Jeffrey Viel a marqué Bathurst comme pas un

Dans un peu plus d’une semaine, une fois qu’il aura défilé dans les rues de Bathurst en compagnie de ses coéquipiers avec la coupe du Président (et qui sait peut-être aussi la coupe Memorial), Jeffrey Viel deviendra à son tour un ex-Titan.

Il fera ainsi son entrée dans le club des anciens au même titre que les Marc Bouchard, Roberto Luongo, Mathieu Benoit, Ramzi Abid, Jonathan Girard, François Beauchemin, Martin Fillion, Philippe Plante, Charline Labonté, Jonathan Ferland, Olivier Filion, Adam Russo, Bruno Gervais, Janis Sprukts, Patrice Bergeron, Mathieu Roy, Olivier Labelle Jordan Clendenning, Thomas Beauregard, Mathieu Perreault, Éric Faille, Zach O’Brien, Christophe Boivin et une petite poignée d’autres joueurs qui auront profondément marqué l’histoire de l’équipe au cours des 20 dernières campagnes.

En fait, quand j’y pense, je me demande même si Viel ne marquera pas davantage la mémoire collective que tous les autres.

Après tout, le numéro 25 a établi plusieurs records d’équipe, dont certains qui mettront probablement des années avant d’être battus. On a qu’à penser à ses trois saisons de plus de 30 buts, ou encore à ses 26 buts en séries éliminatoires.

Et c’est sans oublier qu’il aura été un capitaine exemplaire. Le genre de capitaine dont rêve tout entraîneur. Non seulement est-il un rassembleur peu commun, mais il prêche aussi par l’exemple pendant les entraînements et les matchs. Vous n’avez même pas besoin des cinq doigts d’une main pour compter les soirs où Viel n’a pas donné sa pleine mesure.

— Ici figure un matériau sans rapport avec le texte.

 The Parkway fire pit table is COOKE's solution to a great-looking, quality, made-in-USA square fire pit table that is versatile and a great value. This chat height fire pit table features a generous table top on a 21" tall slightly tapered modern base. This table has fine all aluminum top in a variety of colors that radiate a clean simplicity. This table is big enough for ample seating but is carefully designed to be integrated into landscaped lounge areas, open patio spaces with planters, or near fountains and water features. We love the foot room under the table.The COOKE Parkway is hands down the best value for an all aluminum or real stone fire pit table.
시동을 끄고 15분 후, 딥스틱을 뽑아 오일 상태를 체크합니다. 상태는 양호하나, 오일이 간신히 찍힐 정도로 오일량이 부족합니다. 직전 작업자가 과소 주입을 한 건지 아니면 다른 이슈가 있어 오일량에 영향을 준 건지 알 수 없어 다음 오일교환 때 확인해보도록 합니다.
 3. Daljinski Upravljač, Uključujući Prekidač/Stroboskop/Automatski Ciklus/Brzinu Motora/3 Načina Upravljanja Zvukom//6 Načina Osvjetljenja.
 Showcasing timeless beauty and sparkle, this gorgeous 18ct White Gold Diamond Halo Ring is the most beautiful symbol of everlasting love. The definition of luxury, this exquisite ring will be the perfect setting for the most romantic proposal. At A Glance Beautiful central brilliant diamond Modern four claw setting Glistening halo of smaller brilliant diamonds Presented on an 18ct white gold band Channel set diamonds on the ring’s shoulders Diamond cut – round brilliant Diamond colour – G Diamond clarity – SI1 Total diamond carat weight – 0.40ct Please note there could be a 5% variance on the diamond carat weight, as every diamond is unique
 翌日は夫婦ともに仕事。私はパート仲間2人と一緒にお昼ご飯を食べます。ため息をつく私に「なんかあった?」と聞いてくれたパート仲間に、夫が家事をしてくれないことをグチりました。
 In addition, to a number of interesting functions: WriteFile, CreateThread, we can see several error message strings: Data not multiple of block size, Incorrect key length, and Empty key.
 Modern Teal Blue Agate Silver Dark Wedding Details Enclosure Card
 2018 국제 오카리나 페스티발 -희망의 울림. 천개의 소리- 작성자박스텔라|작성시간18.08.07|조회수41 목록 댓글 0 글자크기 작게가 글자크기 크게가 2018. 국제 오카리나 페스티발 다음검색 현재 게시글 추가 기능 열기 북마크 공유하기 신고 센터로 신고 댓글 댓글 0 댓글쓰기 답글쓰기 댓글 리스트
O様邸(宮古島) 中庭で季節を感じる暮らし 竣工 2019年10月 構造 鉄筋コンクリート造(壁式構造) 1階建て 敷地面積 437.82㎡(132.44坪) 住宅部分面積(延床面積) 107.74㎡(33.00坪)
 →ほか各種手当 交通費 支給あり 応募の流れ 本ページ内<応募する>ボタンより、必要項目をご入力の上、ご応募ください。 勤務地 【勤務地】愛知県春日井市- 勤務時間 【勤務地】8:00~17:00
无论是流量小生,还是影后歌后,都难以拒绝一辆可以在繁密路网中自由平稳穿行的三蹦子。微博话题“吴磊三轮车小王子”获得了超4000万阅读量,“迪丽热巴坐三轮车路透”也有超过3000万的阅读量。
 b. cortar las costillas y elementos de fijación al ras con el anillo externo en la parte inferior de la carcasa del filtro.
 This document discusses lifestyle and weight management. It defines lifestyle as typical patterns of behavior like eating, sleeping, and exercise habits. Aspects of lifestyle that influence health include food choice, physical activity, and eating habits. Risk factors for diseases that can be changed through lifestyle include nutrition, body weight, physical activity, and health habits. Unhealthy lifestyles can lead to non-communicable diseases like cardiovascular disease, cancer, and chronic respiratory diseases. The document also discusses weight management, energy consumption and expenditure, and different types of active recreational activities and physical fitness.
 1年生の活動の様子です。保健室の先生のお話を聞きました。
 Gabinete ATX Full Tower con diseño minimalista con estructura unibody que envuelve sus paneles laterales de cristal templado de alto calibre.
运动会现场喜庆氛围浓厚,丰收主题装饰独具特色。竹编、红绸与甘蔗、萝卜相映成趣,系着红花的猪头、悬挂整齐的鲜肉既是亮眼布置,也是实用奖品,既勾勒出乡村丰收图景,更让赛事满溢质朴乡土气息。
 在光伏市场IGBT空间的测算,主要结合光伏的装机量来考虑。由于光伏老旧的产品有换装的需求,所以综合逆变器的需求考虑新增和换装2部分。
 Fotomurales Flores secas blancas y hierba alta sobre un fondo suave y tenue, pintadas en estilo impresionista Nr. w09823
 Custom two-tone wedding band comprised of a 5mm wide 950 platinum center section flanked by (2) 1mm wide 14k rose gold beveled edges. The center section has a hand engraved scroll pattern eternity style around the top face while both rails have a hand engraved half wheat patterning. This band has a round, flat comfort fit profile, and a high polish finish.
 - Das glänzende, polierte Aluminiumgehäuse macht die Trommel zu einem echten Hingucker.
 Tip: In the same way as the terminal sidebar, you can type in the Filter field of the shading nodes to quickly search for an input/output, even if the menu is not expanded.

Quand il est arrivé ici à seulement 17 ans, le Rimouskois était un jeune joueur brouillon avec du caractère comme c’était pas permis. S’il a su conserver sa hargne, il a toutefois su rafiner son jeu au point de devenir un attaquant de puissance faisant partie de l’élite. Combiné à son leadership, il s’est développé en un joueur d’une grande rareté. Croyez-moi, tous les partisans des 18 équipes de la LHJMQ souhaiteraient avoir un Jeffrey Viel à encourager.

Mercredi, à l’aéroport régional de Bathurst, alors que Viel et ses coéquipiers s’apprêtaient à prendre place à bord de l’avion devant mener l’équipe à Regina, en Saskatchewan, le maire Paolo Fongemie y est allé d’un monologue senti et admiratif à l’endroit du capitaine pendant que je conversais avec lui.

«Le Titan a vraiment un bon leader avec Jeffrey Viel. Peu importe ce que ce jeune homme fera dans la vie, il aura du succès en raison de ses qualités de leader. Je suis fier qu’il soit notre capitaine. Avec lui, on sait que les bottines suivent les babines. Il ne prend jamais une soirée de congé. Aux yeux de nos citoyens, il représente un véritable symbole. Au cours de la dernière décennie, malgré les fermetures (mine et moulin), les gens d’ici se sont toujours relevé les manches pour travailler afin de s’en sortir. Et par sa façon d’être, Jeffrey Viel est un peu notre ambassadeur», affirme le premier magistrat de la municipalité de Bathurst.

Bref, comme je vous le disais, le capitaine Viel va laisser des traces profondes de son passage dans la région Chaleur.

Et un bon jour, quand l’organisation du Titan jugera que ce sera le bon moment, on hissera le chandail numéro 25 au plafond au Centre régional K.-C.-Irving.